» **TASK OBJECTIVE**:
Write out exactly the lines from the one containing "墨黑色眼线,深灰色的眼影和一头乱发, Gucci。" to the end of the material, both ends included, and nothing else. Leave pictures out.

» **MATERIAL PROVIDED**:
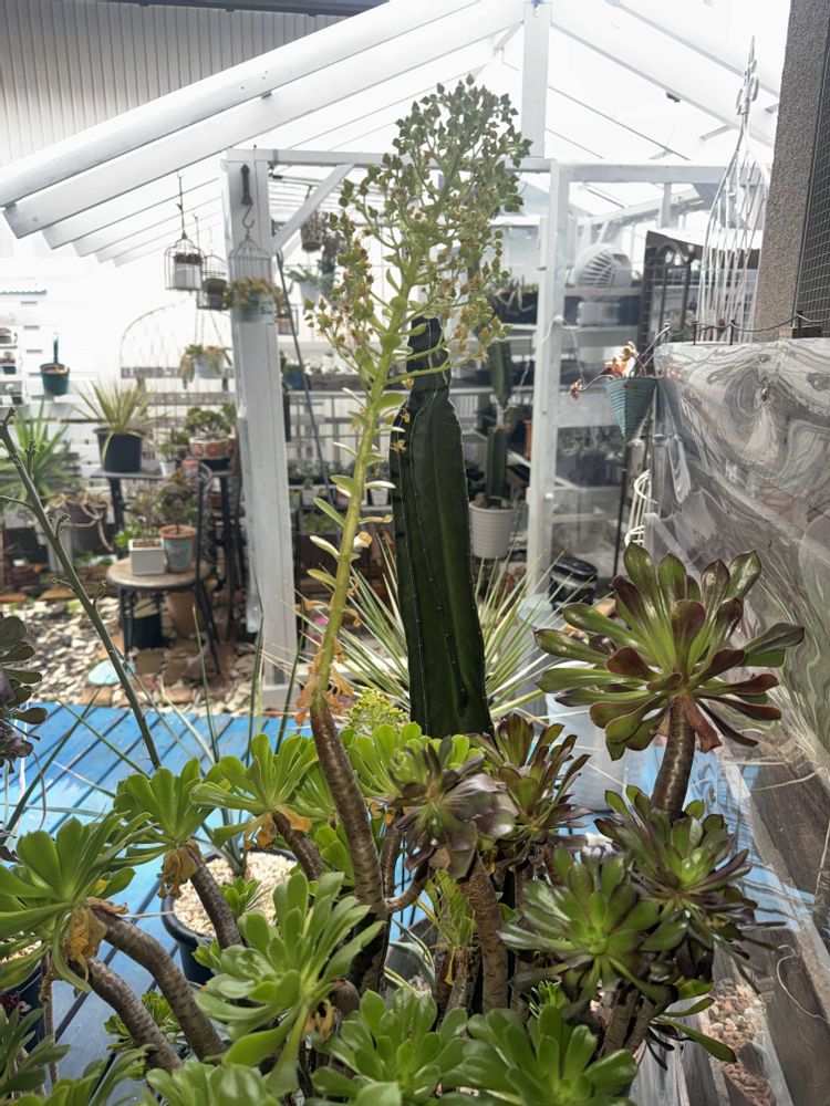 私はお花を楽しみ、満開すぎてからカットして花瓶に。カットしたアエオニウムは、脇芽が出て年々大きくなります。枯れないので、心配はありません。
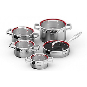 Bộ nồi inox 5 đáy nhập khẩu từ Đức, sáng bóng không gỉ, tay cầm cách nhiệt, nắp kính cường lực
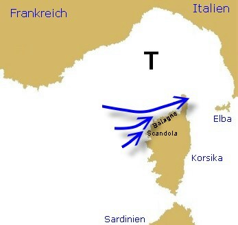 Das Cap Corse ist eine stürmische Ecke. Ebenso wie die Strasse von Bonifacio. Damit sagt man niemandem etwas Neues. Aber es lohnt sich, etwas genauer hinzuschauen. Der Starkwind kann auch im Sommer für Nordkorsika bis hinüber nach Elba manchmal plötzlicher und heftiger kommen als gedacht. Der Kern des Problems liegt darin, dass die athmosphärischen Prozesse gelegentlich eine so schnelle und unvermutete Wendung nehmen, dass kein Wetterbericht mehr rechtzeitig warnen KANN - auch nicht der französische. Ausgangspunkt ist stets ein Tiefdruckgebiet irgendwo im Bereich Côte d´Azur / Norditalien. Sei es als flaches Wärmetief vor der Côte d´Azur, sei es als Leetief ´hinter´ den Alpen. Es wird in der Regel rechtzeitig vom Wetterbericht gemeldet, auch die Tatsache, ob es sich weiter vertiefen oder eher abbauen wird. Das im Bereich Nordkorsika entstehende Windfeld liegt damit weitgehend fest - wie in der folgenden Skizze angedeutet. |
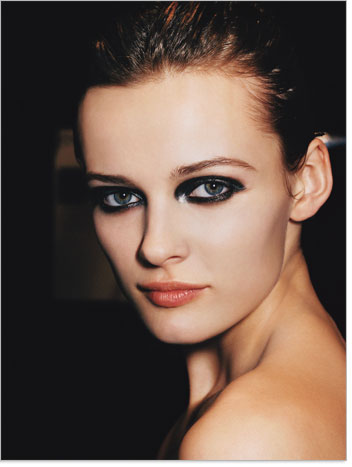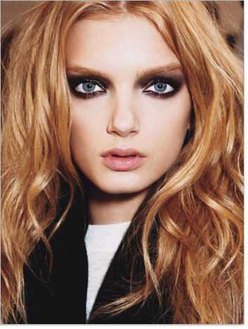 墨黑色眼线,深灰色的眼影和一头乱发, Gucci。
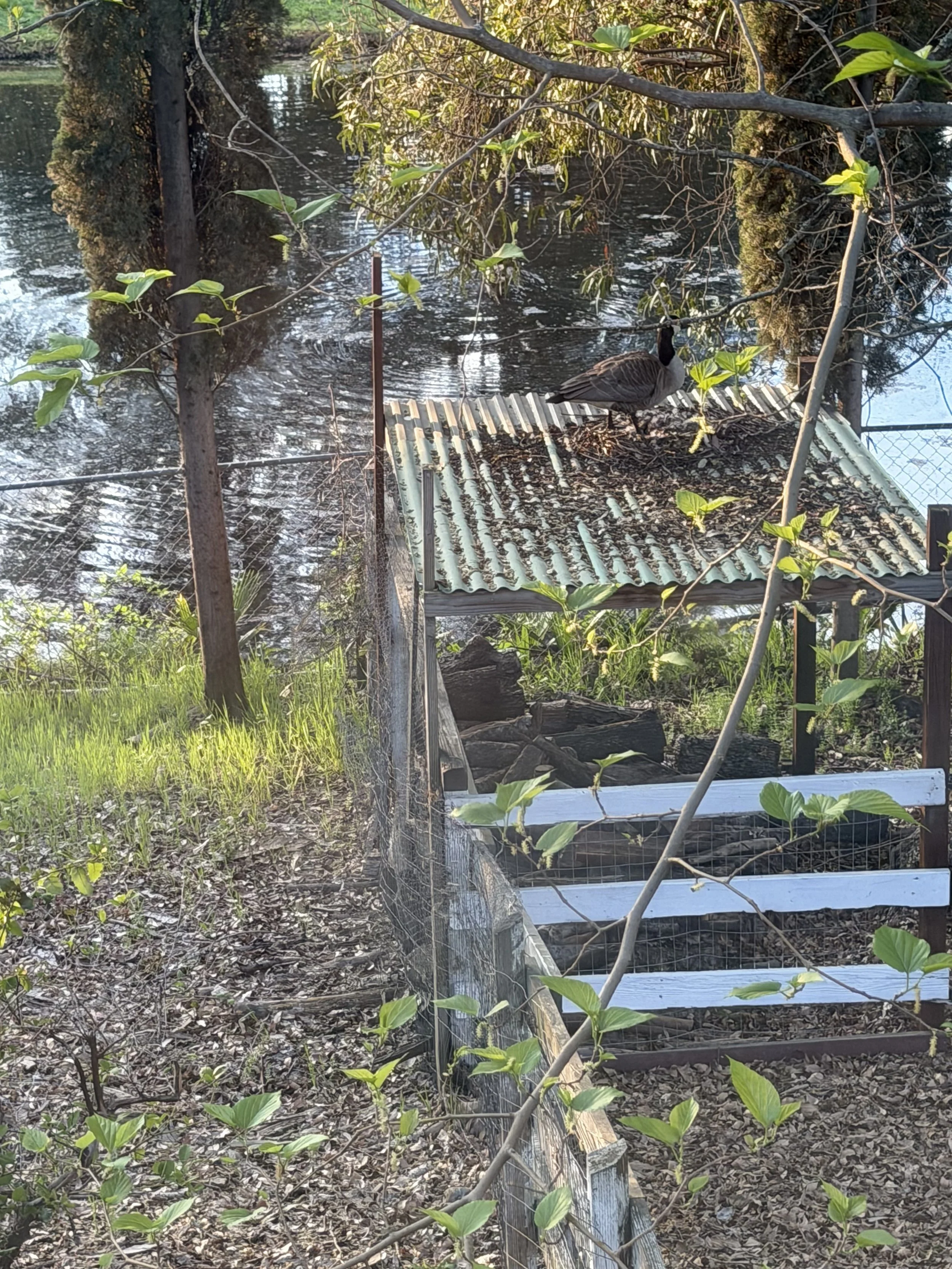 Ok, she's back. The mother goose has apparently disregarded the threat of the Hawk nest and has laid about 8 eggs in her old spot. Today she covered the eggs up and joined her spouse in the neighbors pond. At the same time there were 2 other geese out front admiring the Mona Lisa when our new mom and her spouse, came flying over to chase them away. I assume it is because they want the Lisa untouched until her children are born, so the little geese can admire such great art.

» **SOLUTION**:
 墨黑色眼线,深灰色的眼影和一头乱发, Gucci。
 Ok, she's back. The mother goose has apparently disregarded the threat of the Hawk nest and has laid about 8 eggs in her old spot. Today she covered the eggs up and joined her spouse in the neighbors pond. At the same time there were 2 other geese out front admiring the Mona Lisa when our new mom and her spouse, came flying over to chase them away. I assume it is because they want the Lisa untouched until her children are born, so the little geese can admire such great art.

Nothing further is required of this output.